Here at seatree, we believe that community is vastly important. One of the ways this works is with time exchanges – we have some help in the pottery, always on a time exchange basis. Share and share alike. Gwen helps with glazing and in exchange with help her with DIY. Karen, pictured above, helps with all aspects of making and glazing and in exchange gets the same amount of time back to make her own pottery, which she shares out, keeps or uses to raise money for charities. Then there’s Emily and James who help with all aspects of making and business in exchange for the same time back to make and sell their own pottery. It’s a wonderful thing and we all get what we need from it. Maybe try some time exchanges in your life or business?

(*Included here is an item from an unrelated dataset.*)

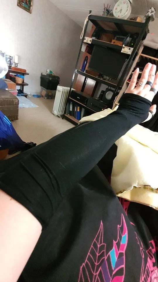 Как в описании. Легкий, мягкий, приятный материал. Длинный. Отверстие для большого пальца может быть больше, но не критично. Я могу порекомендовать.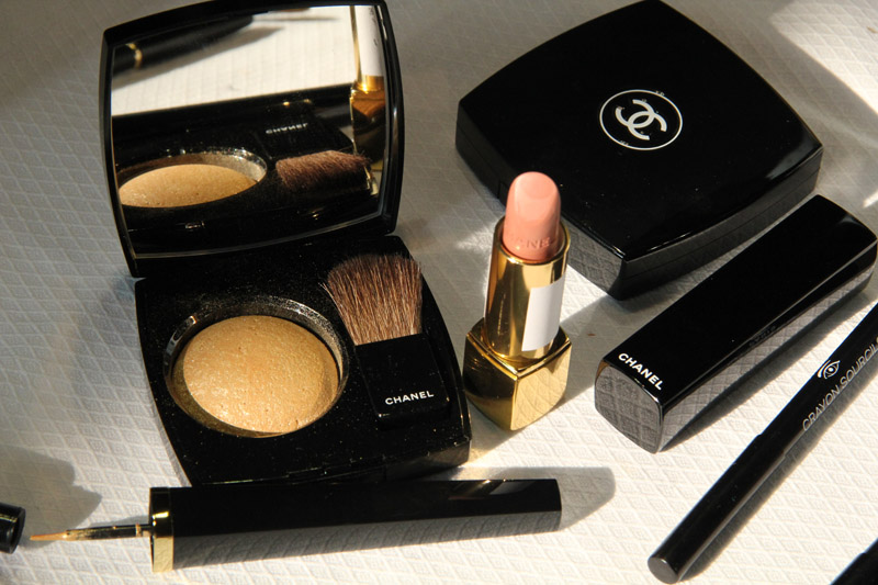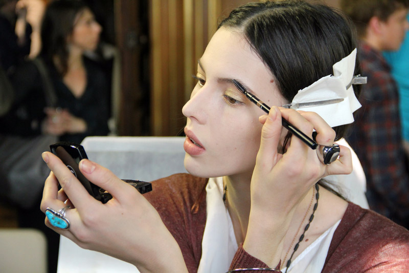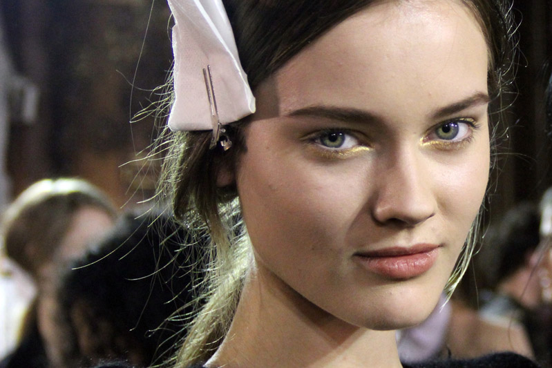 Peter Philips (Chanel): It’s a quiet moment in the face. It’s nude makeup with a touch of gold—there are a lot of gold elements in the collection: rings, bracelets, in the hair there’s the gold ring. So we did very natural, fresh makeup so as not to compete. On the eyes, we’re using a gold Chanel blush drawn on wet, with a gold liner that's new for fall 2011. And a velvet finish lip—not shiny, not matte—dabbing on Chanel Rouge Allure Velvet lipstick, in a natural shade. There’s no mascara, no blush, and the foundation is Chanel Pro Lumiere.

Every now and then, I make a batch of wee things – hearts, tiny ones like these to go into tiny glass jars, hearts with words on, small pieces of clay with just one word on to go in  a jar of beach treasures. I find it very therapeutic. I have a pottery friend, Pauline, who cries out in alarm when she sees them, how one earth do you have the patience? But, in reality, it is calming, not stressful. It allows me to focus and not to have to think too big, to just create with my hands and to let muscle memory do its thing. It pulls me back in from the bigger picture of design and lists and kiln schedules..

What is your go-to calming exercise?

We are taking part in March Meet the Maker – worth a follow if you do social media. Today’s daily prompt was ‘numbers’.  Certainly, these are important in running a creative business – pricing, ordering, accounts, measuring clay, weighing glazes, deciding how much of any item to make. But we both agree that they are important only if they stay in the background. What is more important is that we make what we love. That we connect with others in what we do. That we build relationships with our community and with our customers. This picture is going to someone tomorrow, ordered as a gift, with a story about why it was just right for the recipient. They are the things that matter more than the numbers.